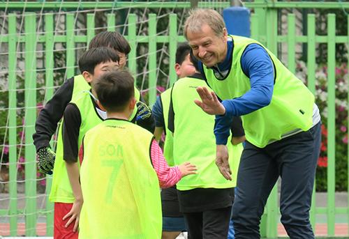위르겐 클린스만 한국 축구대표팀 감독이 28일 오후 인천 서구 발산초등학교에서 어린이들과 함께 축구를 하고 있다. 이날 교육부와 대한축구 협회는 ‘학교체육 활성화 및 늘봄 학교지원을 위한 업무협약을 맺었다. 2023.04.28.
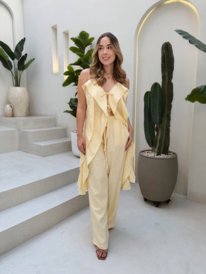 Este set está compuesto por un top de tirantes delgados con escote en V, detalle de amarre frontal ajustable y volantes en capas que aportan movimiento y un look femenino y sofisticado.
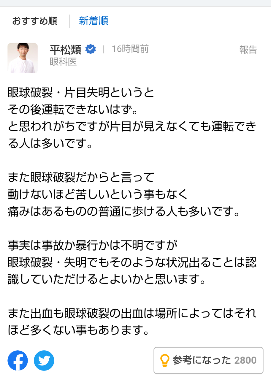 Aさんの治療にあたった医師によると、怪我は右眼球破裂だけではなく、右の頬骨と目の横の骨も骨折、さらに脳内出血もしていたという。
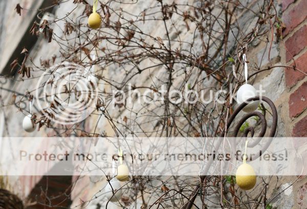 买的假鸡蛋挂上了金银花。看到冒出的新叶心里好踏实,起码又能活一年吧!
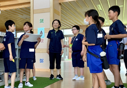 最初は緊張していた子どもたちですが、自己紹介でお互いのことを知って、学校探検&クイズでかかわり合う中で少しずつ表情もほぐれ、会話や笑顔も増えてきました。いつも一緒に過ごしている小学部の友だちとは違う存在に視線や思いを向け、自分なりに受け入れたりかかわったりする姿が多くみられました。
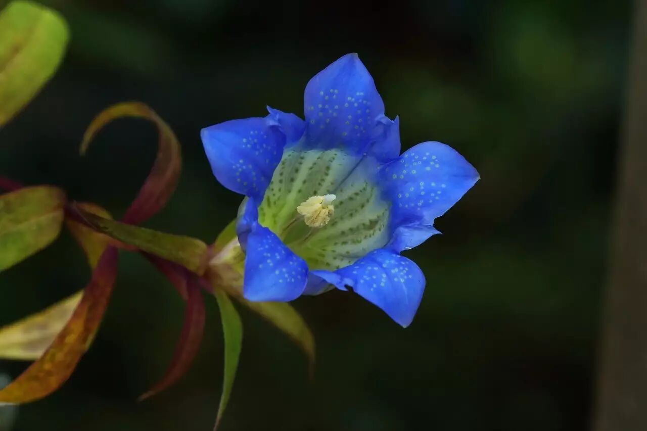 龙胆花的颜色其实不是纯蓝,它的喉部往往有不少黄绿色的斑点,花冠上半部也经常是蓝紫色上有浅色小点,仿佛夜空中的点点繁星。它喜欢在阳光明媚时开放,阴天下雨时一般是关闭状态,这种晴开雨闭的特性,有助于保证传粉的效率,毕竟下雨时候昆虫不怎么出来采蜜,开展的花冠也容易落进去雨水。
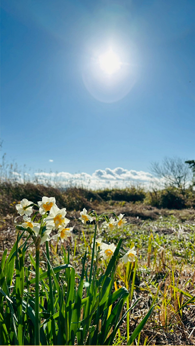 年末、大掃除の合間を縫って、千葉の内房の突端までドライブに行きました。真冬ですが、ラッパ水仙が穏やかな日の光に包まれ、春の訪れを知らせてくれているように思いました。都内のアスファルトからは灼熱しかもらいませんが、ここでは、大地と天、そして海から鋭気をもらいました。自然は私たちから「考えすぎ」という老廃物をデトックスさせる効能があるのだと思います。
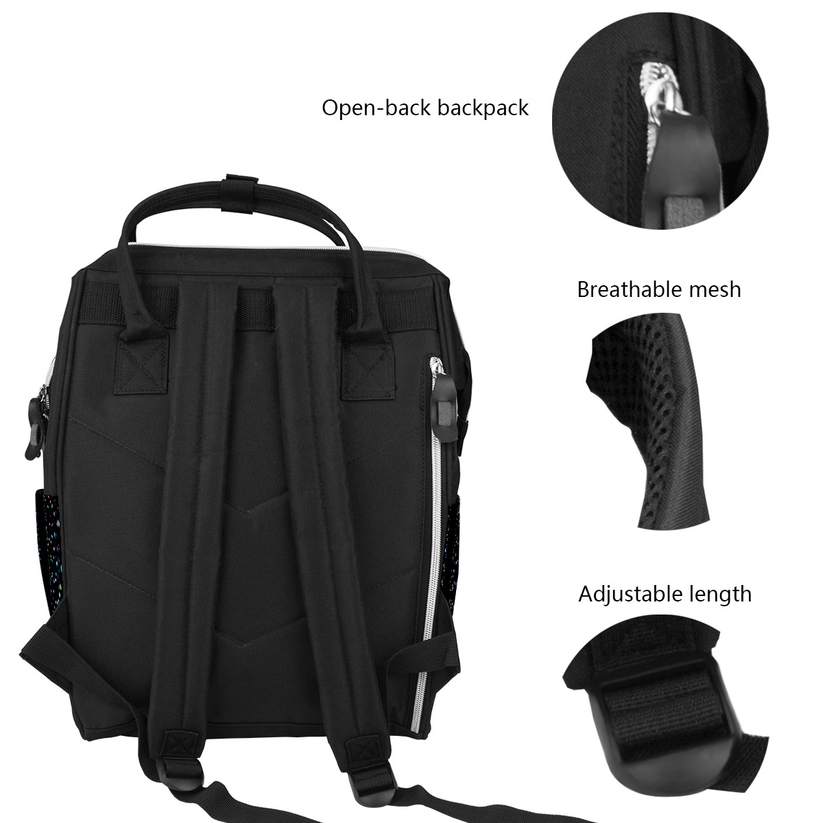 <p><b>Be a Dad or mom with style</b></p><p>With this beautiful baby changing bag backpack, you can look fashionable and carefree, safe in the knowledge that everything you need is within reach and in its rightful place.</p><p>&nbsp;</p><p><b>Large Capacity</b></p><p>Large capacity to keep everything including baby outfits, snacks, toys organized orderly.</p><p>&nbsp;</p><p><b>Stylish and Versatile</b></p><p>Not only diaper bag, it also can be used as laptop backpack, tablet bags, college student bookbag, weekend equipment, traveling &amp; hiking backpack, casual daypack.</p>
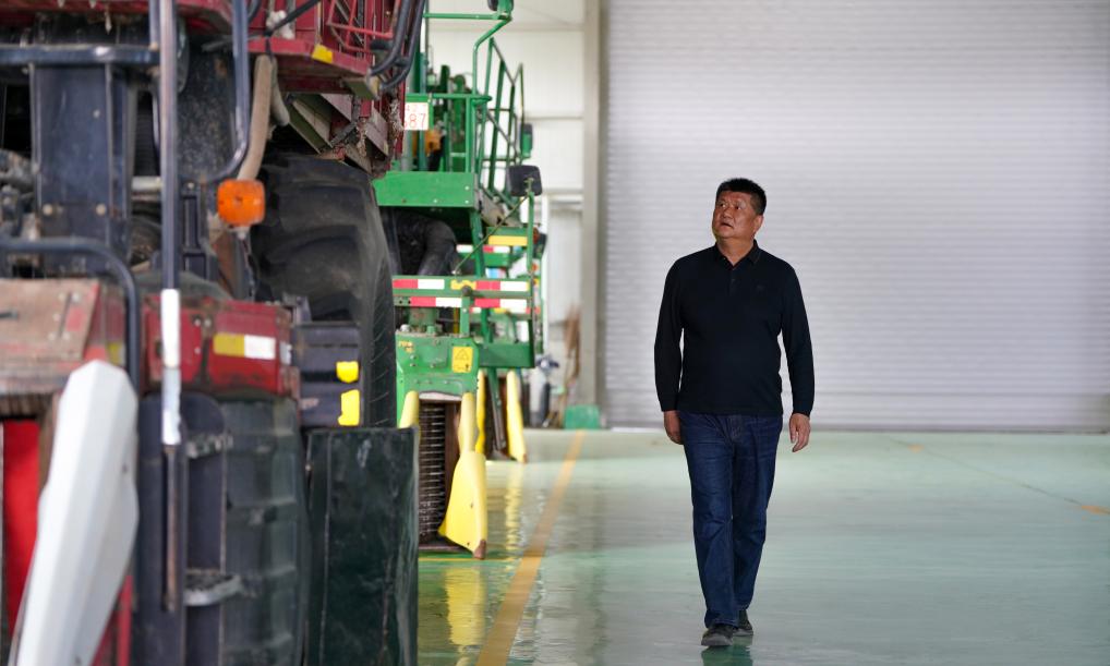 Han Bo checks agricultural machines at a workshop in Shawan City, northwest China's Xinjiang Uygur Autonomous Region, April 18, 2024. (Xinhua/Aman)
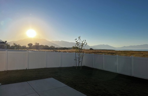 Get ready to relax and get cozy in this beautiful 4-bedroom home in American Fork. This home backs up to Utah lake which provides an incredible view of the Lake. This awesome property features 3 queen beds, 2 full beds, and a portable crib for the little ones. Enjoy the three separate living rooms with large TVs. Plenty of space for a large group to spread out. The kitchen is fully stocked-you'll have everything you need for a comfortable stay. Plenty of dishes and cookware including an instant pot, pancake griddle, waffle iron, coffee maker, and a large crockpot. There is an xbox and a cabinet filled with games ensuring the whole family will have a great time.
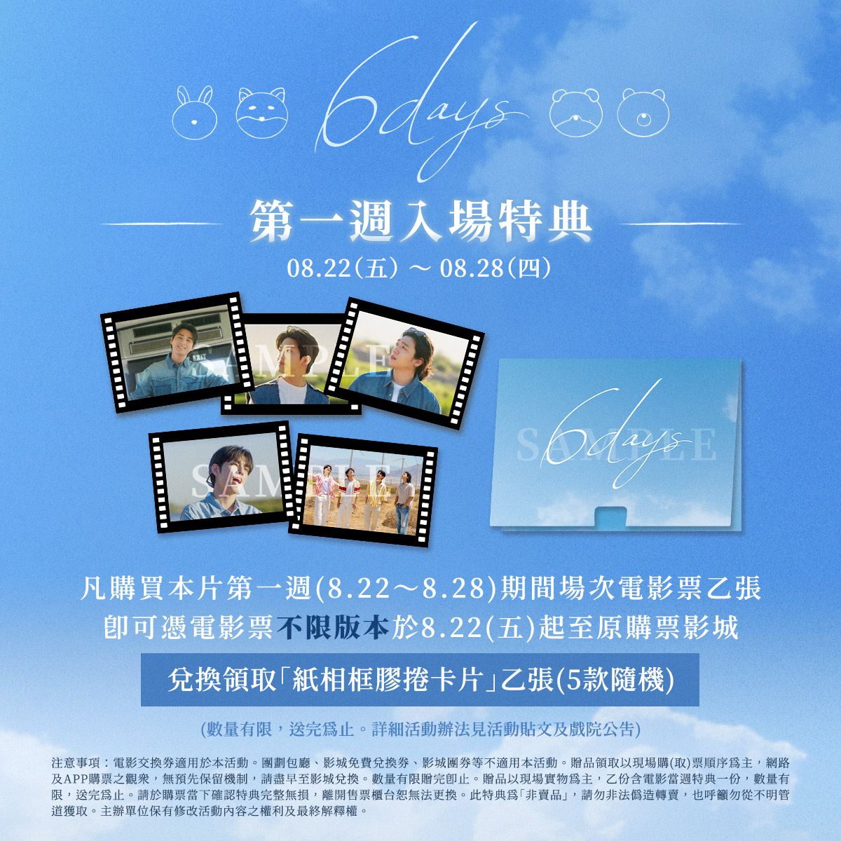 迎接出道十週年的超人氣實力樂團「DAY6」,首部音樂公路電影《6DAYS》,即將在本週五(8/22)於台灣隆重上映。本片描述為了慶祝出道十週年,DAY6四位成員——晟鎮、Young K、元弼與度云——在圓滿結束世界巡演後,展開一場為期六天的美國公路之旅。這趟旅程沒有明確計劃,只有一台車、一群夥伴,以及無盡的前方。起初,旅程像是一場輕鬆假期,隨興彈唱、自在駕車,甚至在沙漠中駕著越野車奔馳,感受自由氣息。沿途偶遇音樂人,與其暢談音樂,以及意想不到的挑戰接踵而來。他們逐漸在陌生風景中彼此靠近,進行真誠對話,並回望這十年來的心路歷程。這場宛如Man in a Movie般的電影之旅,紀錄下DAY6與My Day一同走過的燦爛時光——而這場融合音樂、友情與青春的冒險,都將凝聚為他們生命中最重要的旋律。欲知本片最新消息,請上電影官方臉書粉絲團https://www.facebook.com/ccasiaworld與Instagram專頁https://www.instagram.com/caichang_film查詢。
+-------+
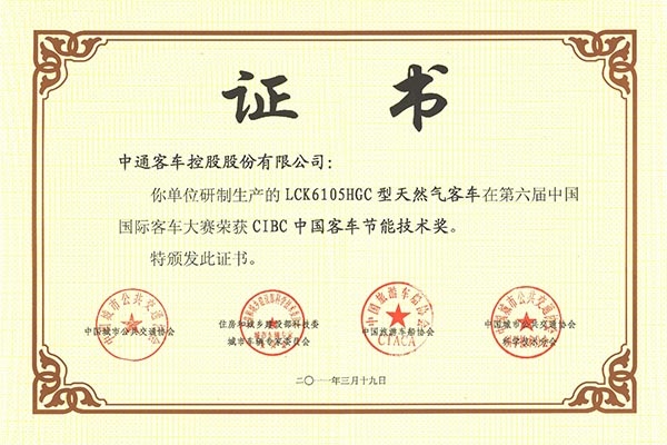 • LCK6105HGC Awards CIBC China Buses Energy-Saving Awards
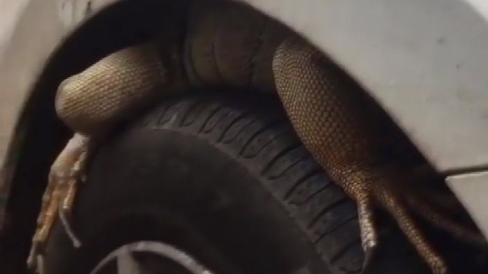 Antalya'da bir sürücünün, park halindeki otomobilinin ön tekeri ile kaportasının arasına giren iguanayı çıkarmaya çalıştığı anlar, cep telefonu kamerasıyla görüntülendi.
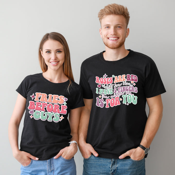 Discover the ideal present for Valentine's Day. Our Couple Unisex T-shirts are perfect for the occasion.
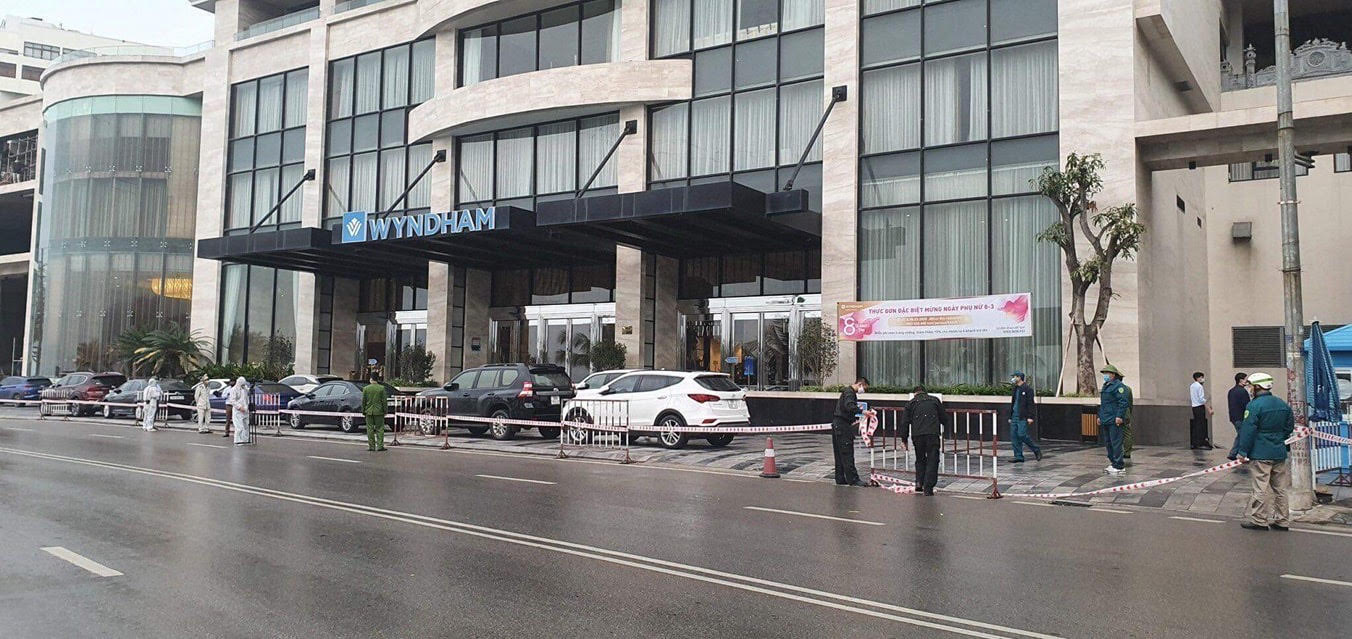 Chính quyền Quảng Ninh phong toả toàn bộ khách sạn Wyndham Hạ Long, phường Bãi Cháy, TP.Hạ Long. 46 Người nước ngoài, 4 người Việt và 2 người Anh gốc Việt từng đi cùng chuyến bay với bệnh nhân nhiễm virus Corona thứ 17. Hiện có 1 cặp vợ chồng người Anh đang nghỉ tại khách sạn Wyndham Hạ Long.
+-------+
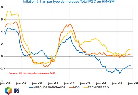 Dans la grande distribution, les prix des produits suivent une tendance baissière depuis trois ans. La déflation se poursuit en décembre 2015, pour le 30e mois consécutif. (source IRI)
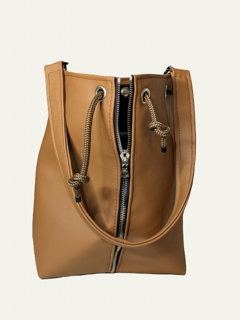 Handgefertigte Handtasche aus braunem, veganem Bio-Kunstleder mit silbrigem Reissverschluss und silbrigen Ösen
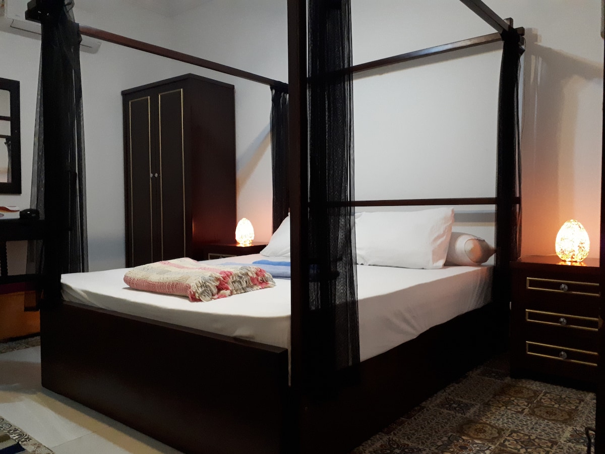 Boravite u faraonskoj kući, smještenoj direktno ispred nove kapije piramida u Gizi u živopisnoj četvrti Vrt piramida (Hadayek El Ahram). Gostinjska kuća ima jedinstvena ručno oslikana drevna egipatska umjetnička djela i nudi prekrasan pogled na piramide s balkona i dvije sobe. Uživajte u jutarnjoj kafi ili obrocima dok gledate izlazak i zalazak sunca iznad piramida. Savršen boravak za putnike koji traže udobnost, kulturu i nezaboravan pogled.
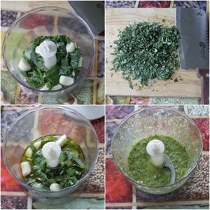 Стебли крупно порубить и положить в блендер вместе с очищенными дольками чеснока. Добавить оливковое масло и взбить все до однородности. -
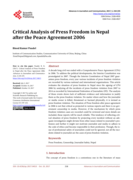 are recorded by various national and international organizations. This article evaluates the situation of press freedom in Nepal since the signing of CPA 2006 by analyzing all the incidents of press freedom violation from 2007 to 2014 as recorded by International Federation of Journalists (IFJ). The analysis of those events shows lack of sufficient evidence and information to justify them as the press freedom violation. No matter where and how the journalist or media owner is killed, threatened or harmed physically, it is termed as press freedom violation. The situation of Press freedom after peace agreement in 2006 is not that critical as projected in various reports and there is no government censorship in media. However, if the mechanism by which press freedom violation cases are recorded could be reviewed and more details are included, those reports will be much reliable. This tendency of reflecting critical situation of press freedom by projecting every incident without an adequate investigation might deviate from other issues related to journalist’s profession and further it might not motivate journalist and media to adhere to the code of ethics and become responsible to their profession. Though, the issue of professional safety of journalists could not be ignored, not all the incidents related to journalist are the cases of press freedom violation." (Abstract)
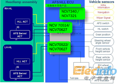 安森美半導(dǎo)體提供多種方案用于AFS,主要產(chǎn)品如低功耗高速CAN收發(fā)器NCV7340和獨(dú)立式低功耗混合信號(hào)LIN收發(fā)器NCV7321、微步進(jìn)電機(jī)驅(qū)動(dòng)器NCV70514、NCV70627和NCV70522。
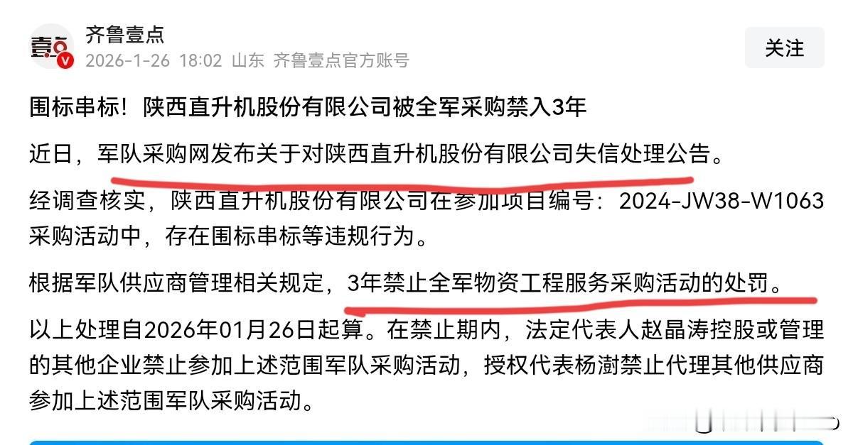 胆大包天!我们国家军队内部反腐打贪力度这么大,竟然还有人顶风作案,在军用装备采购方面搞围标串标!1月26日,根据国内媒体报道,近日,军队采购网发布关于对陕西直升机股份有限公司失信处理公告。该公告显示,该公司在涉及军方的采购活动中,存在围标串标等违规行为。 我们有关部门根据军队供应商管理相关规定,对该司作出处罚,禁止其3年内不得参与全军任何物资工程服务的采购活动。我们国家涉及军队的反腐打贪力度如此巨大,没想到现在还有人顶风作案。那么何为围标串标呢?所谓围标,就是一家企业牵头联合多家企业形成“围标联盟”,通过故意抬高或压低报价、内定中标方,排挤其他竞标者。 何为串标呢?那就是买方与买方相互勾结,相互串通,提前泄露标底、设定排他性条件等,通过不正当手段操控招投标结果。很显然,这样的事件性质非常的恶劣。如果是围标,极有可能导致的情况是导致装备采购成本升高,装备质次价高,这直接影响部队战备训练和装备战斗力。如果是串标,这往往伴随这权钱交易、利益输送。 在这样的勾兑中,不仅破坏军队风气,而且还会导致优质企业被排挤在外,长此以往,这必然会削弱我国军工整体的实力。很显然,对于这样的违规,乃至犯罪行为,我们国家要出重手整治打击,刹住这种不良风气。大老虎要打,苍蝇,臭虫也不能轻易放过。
+-------+
### WHAT TO WORK ON
From the records above, give again only the part that opens with the line containing "Este set está" and closes with the line containing "Han Bo checks". Keep both ends but drop the pictures.

### SOLVED EXERCISE
 Este set está compuesto por un top de tirantes delgados con escote en V, detalle de amarre frontal ajustable y volantes en capas que aportan movimiento y un look femenino y sofisticado.
 Aさんの治療にあたった医師によると、怪我は右眼球破裂だけではなく、右の頬骨と目の横の骨も骨折、さらに脳内出血もしていたという。
 买的假鸡蛋挂上了金银花。看到冒出的新叶心里好踏实,起码又能活一年吧!
 最初は緊張していた子どもたちですが、自己紹介でお互いのことを知って、学校探検&クイズでかかわり合う中で少しずつ表情もほぐれ、会話や笑顔も増えてきました。いつも一緒に過ごしている小学部の友だちとは違う存在に視線や思いを向け、自分なりに受け入れたりかかわったりする姿が多くみられました。
 龙胆花的颜色其实不是纯蓝,它的喉部往往有不少黄绿色的斑点,花冠上半部也经常是蓝紫色上有浅色小点,仿佛夜空中的点点繁星。它喜欢在阳光明媚时开放,阴天下雨时一般是关闭状态,这种晴开雨闭的特性,有助于保证传粉的效率,毕竟下雨时候昆虫不怎么出来采蜜,开展的花冠也容易落进去雨水。
 年末、大掃除の合間を縫って、千葉の内房の突端までドライブに行きました。真冬ですが、ラッパ水仙が穏やかな日の光に包まれ、春の訪れを知らせてくれているように思いました。都内のアスファルトからは灼熱しかもらいませんが、ここでは、大地と天、そして海から鋭気をもらいました。自然は私たちから「考えすぎ」という老廃物をデトックスさせる効能があるのだと思います。
 <p><b>Be a Dad or mom with style</b></p><p>With this beautiful baby changing bag backpack, you can look fashionable and carefree, safe in the knowledge that everything you need is within reach and in its rightful place.</p><p>&nbsp;</p><p><b>Large Capacity</b></p><p>Large capacity to keep everything including baby outfits, snacks, toys organized orderly.</p><p>&nbsp;</p><p><b>Stylish and Versatile</b></p><p>Not only diaper bag, it also can be used as laptop backpack, tablet bags, college student bookbag, weekend equipment, traveling &amp; hiking backpack, casual daypack.</p>
 Han Bo checks agricultural machines at a workshop in Shawan City, northwest China's Xinjiang Uygur Autonomous Region, April 18, 2024. (Xinhua/Aman)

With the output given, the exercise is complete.